BEGIN MATERIAL SHOWN

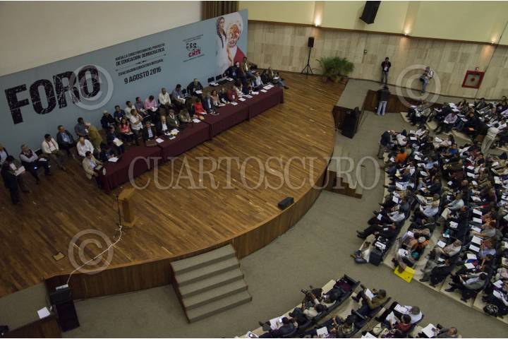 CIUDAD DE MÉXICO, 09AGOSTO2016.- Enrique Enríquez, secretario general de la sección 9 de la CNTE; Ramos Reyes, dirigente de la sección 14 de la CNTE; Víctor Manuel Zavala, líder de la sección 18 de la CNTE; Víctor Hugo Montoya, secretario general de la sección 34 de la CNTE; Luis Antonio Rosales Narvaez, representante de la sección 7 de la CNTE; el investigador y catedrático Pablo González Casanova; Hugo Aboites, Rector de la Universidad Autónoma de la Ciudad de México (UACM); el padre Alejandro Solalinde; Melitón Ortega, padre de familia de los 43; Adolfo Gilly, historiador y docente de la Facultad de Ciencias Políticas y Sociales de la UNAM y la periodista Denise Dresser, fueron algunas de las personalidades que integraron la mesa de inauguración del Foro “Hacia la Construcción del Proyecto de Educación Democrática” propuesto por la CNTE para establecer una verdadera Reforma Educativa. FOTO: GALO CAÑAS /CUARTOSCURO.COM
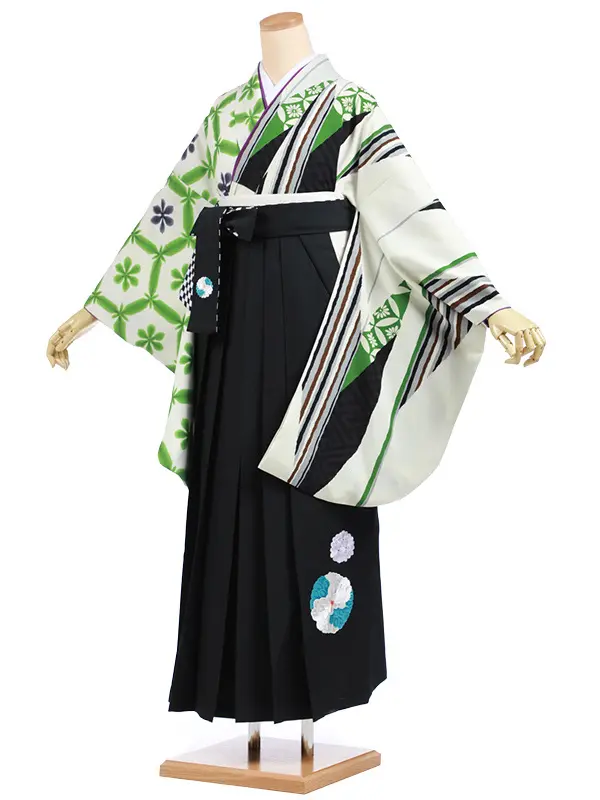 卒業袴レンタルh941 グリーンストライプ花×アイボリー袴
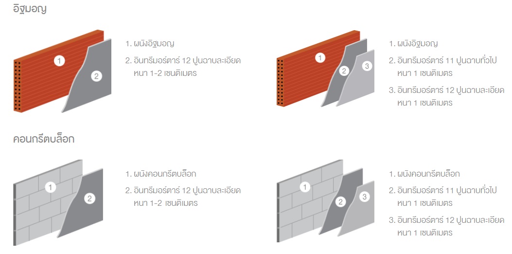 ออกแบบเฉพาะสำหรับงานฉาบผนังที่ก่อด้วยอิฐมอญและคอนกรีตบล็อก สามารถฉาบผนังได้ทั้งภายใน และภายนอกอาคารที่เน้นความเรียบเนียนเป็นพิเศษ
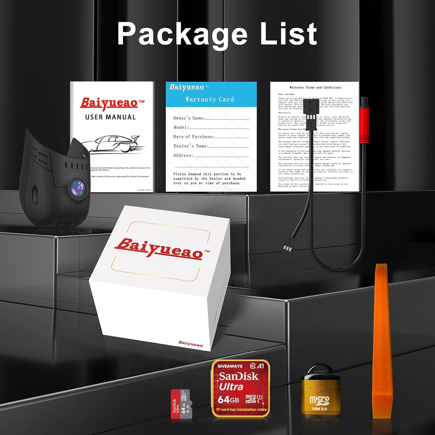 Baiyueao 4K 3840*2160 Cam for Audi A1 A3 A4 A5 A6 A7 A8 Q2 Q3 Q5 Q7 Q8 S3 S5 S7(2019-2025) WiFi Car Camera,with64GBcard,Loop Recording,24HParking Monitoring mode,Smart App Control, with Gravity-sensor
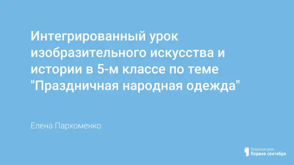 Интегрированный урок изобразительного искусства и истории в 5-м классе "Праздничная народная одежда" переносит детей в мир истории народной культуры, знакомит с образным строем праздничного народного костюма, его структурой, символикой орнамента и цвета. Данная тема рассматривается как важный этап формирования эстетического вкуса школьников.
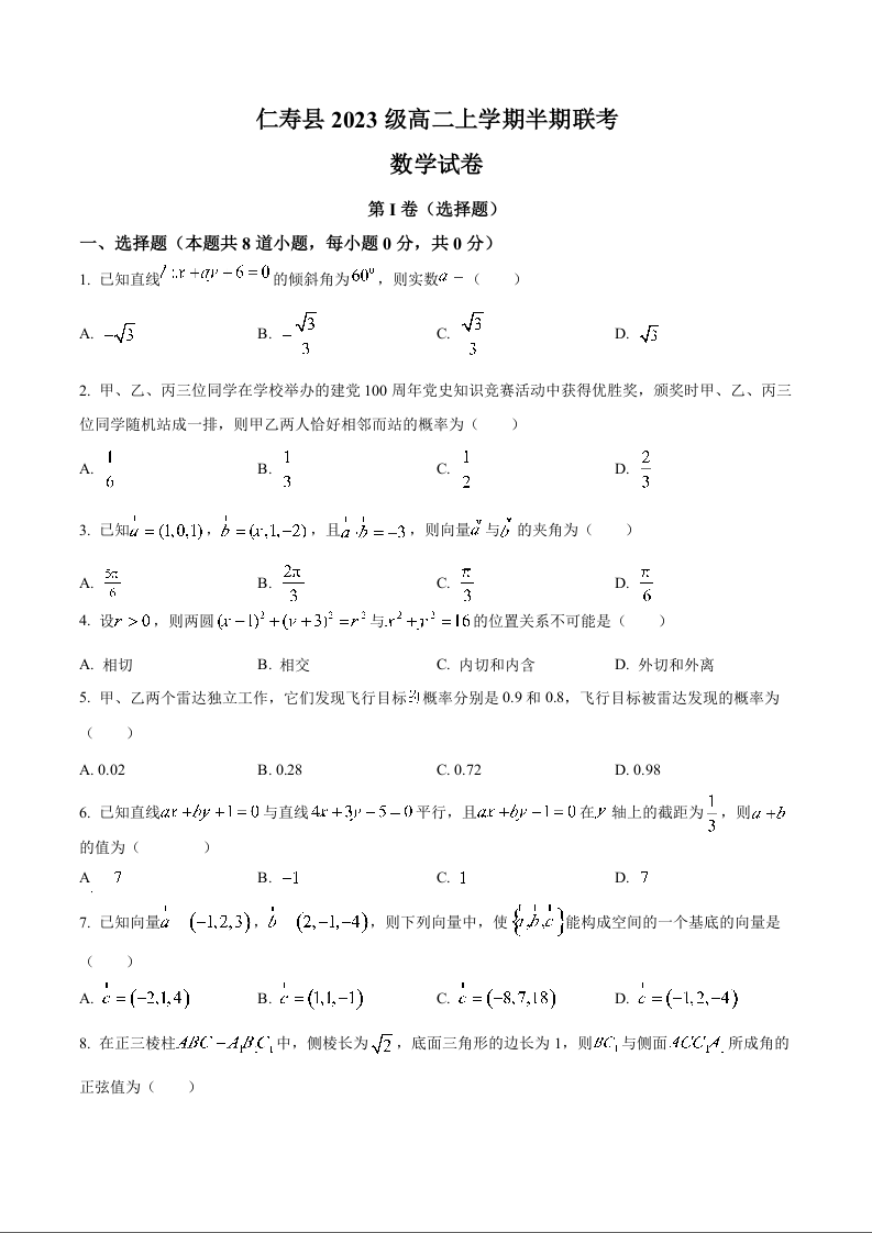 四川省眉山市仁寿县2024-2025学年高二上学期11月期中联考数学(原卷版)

END MATERIAL SHOWN

● **PROBLEM DESCRIPTION**:
Print all the lines above again exactly, without any pictures.

● **TASK ANSWER**:
 CIUDAD DE MÉXICO, 09AGOSTO2016.- Enrique Enríquez, secretario general de la sección 9 de la CNTE; Ramos Reyes, dirigente de la sección 14 de la CNTE; Víctor Manuel Zavala, líder de la sección 18 de la CNTE; Víctor Hugo Montoya, secretario general de la sección 34 de la CNTE; Luis Antonio Rosales Narvaez, representante de la sección 7 de la CNTE; el investigador y catedrático Pablo González Casanova; Hugo Aboites, Rector de la Universidad Autónoma de la Ciudad de México (UACM); el padre Alejandro Solalinde; Melitón Ortega, padre de familia de los 43; Adolfo Gilly, historiador y docente de la Facultad de Ciencias Políticas y Sociales de la UNAM y la periodista Denise Dresser, fueron algunas de las personalidades que integraron la mesa de inauguración del Foro “Hacia la Construcción del Proyecto de Educación Democrática” propuesto por la CNTE para establecer una verdadera Reforma Educativa. FOTO: GALO CAÑAS /CUARTOSCURO.COM
 卒業袴レンタルh941 グリーンストライプ花×アイボリー袴
 ออกแบบเฉพาะสำหรับงานฉาบผนังที่ก่อด้วยอิฐมอญและคอนกรีตบล็อก สามารถฉาบผนังได้ทั้งภายใน และภายนอกอาคารที่เน้นความเรียบเนียนเป็นพิเศษ
 Baiyueao 4K 3840*2160 Cam for Audi A1 A3 A4 A5 A6 A7 A8 Q2 Q3 Q5 Q7 Q8 S3 S5 S7(2019-2025) WiFi Car Camera,with64GBcard,Loop Recording,24HParking Monitoring mode,Smart App Control, with Gravity-sensor
 Интегрированный урок изобразительного искусства и истории в 5-м классе "Праздничная народная одежда" переносит детей в мир истории народной культуры, знакомит с образным строем праздничного народного костюма, его структурой, символикой орнамента и цвета. Данная тема рассматривается как важный этап формирования эстетического вкуса школьников.
 四川省眉山市仁寿县2024-2025学年高二上学期11月期中联考数学(原卷版)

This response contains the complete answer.